[[ Records to use open ]]
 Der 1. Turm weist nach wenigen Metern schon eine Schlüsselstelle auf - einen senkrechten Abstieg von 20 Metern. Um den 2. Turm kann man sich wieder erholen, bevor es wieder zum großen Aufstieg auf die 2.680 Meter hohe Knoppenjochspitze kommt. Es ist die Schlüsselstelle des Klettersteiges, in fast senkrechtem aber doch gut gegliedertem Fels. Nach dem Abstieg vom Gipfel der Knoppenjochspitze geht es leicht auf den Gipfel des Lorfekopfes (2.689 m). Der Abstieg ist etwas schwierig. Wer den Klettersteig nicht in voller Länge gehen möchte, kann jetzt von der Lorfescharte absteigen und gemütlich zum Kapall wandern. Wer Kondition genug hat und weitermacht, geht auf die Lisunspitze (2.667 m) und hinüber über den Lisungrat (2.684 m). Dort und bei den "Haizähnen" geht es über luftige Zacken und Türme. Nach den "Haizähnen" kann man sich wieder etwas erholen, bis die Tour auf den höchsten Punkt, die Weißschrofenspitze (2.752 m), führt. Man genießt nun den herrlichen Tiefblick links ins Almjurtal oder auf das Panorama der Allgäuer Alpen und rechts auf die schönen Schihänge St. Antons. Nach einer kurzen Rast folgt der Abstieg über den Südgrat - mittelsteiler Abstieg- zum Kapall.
[[ Records to use closed ]]
[[ Records to use open ]]
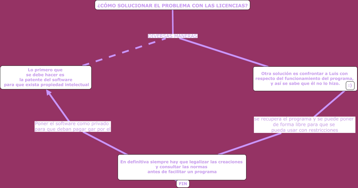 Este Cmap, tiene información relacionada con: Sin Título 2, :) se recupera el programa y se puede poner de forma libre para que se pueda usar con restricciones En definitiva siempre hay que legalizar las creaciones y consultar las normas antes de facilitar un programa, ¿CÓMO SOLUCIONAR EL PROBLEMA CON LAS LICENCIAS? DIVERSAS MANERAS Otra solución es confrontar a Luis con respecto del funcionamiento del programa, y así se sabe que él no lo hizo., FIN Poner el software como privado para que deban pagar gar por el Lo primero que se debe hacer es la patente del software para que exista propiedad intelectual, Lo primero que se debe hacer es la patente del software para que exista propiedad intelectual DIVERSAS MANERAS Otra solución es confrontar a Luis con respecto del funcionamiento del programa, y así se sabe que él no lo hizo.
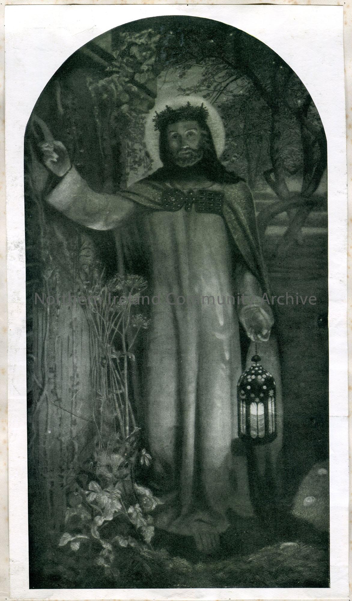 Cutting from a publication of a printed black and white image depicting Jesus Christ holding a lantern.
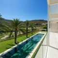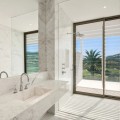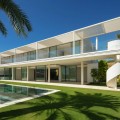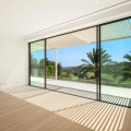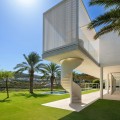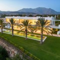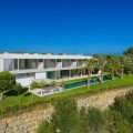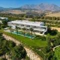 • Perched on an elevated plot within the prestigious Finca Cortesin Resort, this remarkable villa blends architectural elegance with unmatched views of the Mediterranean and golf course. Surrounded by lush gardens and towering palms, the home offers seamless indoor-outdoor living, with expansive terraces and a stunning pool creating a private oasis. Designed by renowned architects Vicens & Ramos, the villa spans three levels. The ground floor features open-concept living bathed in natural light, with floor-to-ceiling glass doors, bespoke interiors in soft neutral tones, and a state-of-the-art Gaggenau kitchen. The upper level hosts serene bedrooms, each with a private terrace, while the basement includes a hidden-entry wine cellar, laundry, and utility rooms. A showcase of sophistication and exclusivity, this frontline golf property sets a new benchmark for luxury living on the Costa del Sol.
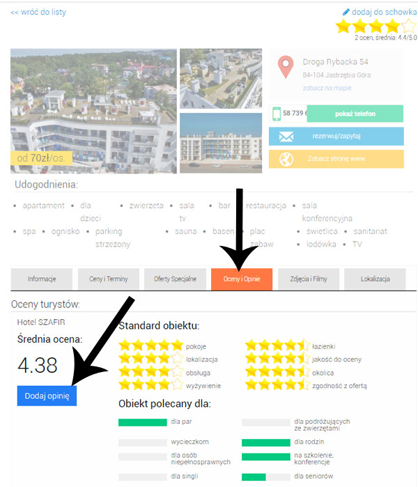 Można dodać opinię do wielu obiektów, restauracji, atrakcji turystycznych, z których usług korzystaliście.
[[ Records to use closed ]]
**Exercise instructions**
Because only one stretch of the records is wanted, please output the lines from the one holding "Este Cmap, tiene" through the one holding "Można dodać opinię" exactly, both included, and leave every picture out.

**Response to the exercise**
 Este Cmap, tiene información relacionada con: Sin Título 2, :) se recupera el programa y se puede poner de forma libre para que se pueda usar con restricciones En definitiva siempre hay que legalizar las creaciones y consultar las normas antes de facilitar un programa, ¿CÓMO SOLUCIONAR EL PROBLEMA CON LAS LICENCIAS? DIVERSAS MANERAS Otra solución es confrontar a Luis con respecto del funcionamiento del programa, y así se sabe que él no lo hizo., FIN Poner el software como privado para que deban pagar gar por el Lo primero que se debe hacer es la patente del software para que exista propiedad intelectual, Lo primero que se debe hacer es la patente del software para que exista propiedad intelectual DIVERSAS MANERAS Otra solución es confrontar a Luis con respecto del funcionamiento del programa, y así se sabe que él no lo hizo.
 Cutting from a publication of a printed black and white image depicting Jesus Christ holding a lantern.
 • Perched on an elevated plot within the prestigious Finca Cortesin Resort, this remarkable villa blends architectural elegance with unmatched views of the Mediterranean and golf course. Surrounded by lush gardens and towering palms, the home offers seamless indoor-outdoor living, with expansive terraces and a stunning pool creating a private oasis. Designed by renowned architects Vicens & Ramos, the villa spans three levels. The ground floor features open-concept living bathed in natural light, with floor-to-ceiling glass doors, bespoke interiors in soft neutral tones, and a state-of-the-art Gaggenau kitchen. The upper level hosts serene bedrooms, each with a private terrace, while the basement includes a hidden-entry wine cellar, laundry, and utility rooms. A showcase of sophistication and exclusivity, this frontline golf property sets a new benchmark for luxury living on the Costa del Sol.
 Można dodać opinię do wielu obiektów, restauracji, atrakcji turystycznych, z których usług korzystaliście.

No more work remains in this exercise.